I'm having a hard time understanding Peierl's argument for the non-existence of spontaneous magnetization in a 1D Ising model at $T>0$. Let the Hamiltonian be $$ H = -J\sum_{i} S_i S_{i+1}.$$ The argument is apparently simple: start with a chain of spins pointing all up; the energy difference to create an island of $L$ spins down around some position $i$ is 4J, and there are $L$ ways to place this $i$-th spin inside this region of size $L$ (i.e. $L$ microstates corresponding to a macrostate with an island of spins down around the $i$-th position). So the entropy difference is $\Delta S = k_B \ln L$ and free-energy difference $\Delta F = 4J - k_B T \ln L <0$ for L sufficiently large. This means the system is unstable under these fluctuations.

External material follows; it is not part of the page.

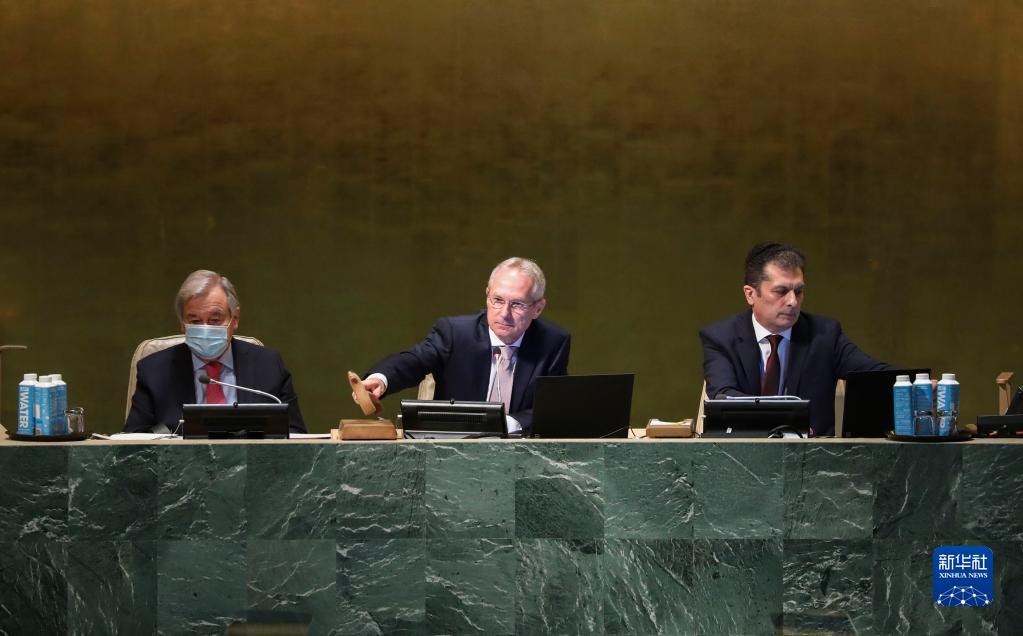 9月20日,在位于紐約的聯(lián)合國總部,第77屆聯(lián)合國大會(huì )主席克勒希(中)主持聯(lián)合國大會(huì )一般性辯論開(kāi)幕式。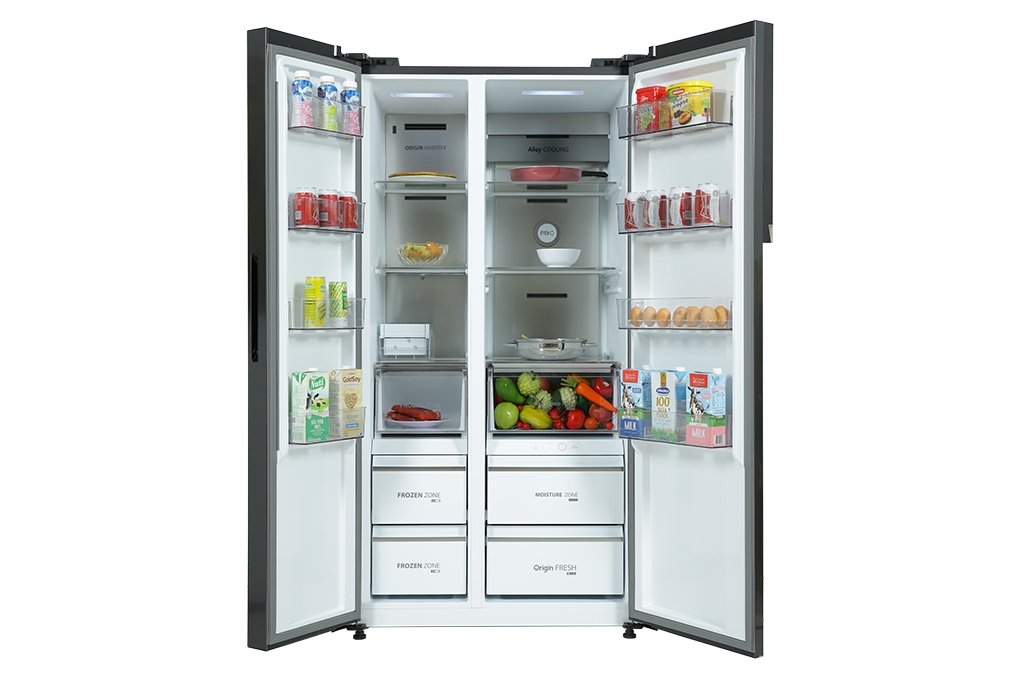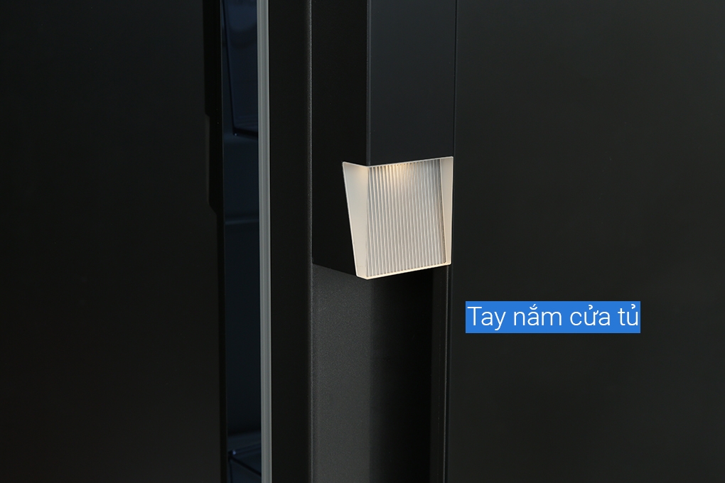 - Thiết kế kiểu Side by side với chất liệu cửa tủ là kính nên mang đến sự tinh tế và hiện đại cho không gian. Phần tay cầm có thiết kế âm ẩn nên nhìn chiếc tủ giống như một khối liền mạch mang đến sự gọn gàng.

So far, all we actually proved is that it is favourable to create a sufficiently large island of spins down in an "all spins up" chain, but this is not the conclusion we aim at. We want to show that the favourable state will be completely disordered.

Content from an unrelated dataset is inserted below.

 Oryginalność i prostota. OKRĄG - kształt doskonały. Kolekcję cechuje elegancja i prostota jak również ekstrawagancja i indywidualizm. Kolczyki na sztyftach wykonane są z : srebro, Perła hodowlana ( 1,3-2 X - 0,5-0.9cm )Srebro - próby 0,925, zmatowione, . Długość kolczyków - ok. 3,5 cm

Now suppose one of these fluctuations took place, and the system now has "all spins up except for L spins down". This is clearly still not fully disordered. And if we try to apply the argument again, for a second fluctuation, the system is no longer in the "all spins up" state we originally assumed, so the argument no longer holds.
One could say: "But we are considering an infinite chain, so $L$ spins down is irrelevant compared to infinite spins up, and the argument still holds for any other fluctuation sufficiently far away from the first island".

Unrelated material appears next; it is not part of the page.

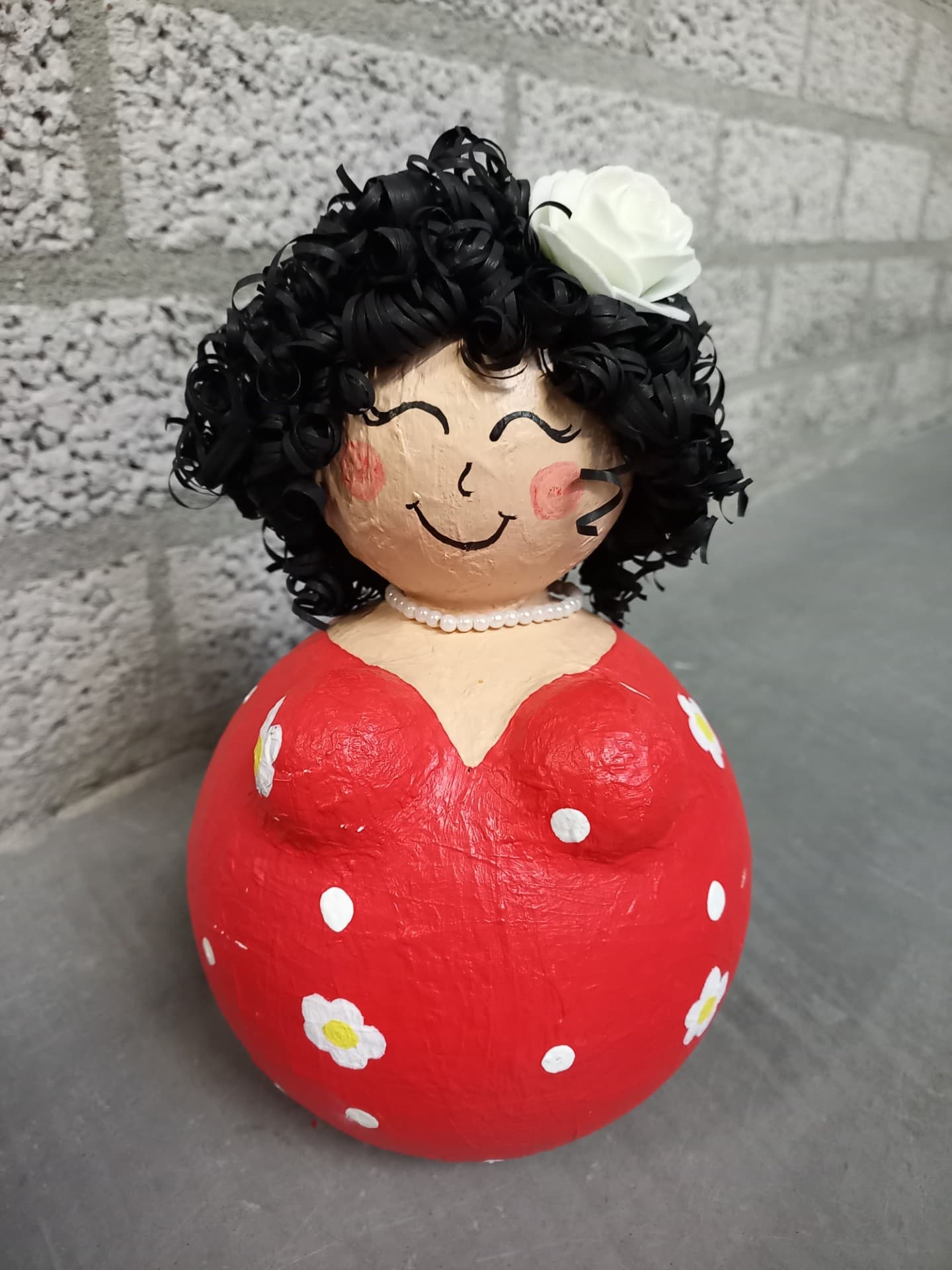 Je beschildert de dikke dame naar eigen inzicht, kan er een bijpassende ketting voor maken en steekt de haren in die al voorgemaakt zijn.

But then how can we conclude from this argument that the resulting state after many fluctuations is completely disordered? What we assume in the proof contradicts what we want to achieve. We assume a sufficiently large region of "all spins up" (so large that any island of spins down is insignificant in comparison), but we want to prove that eventually the islands of spin down will be comparable in size to those of spin up (only then can we say that the total magnetization vanishes).
The reply in this question is possibly/probably related, but I didn' understand the argument there either...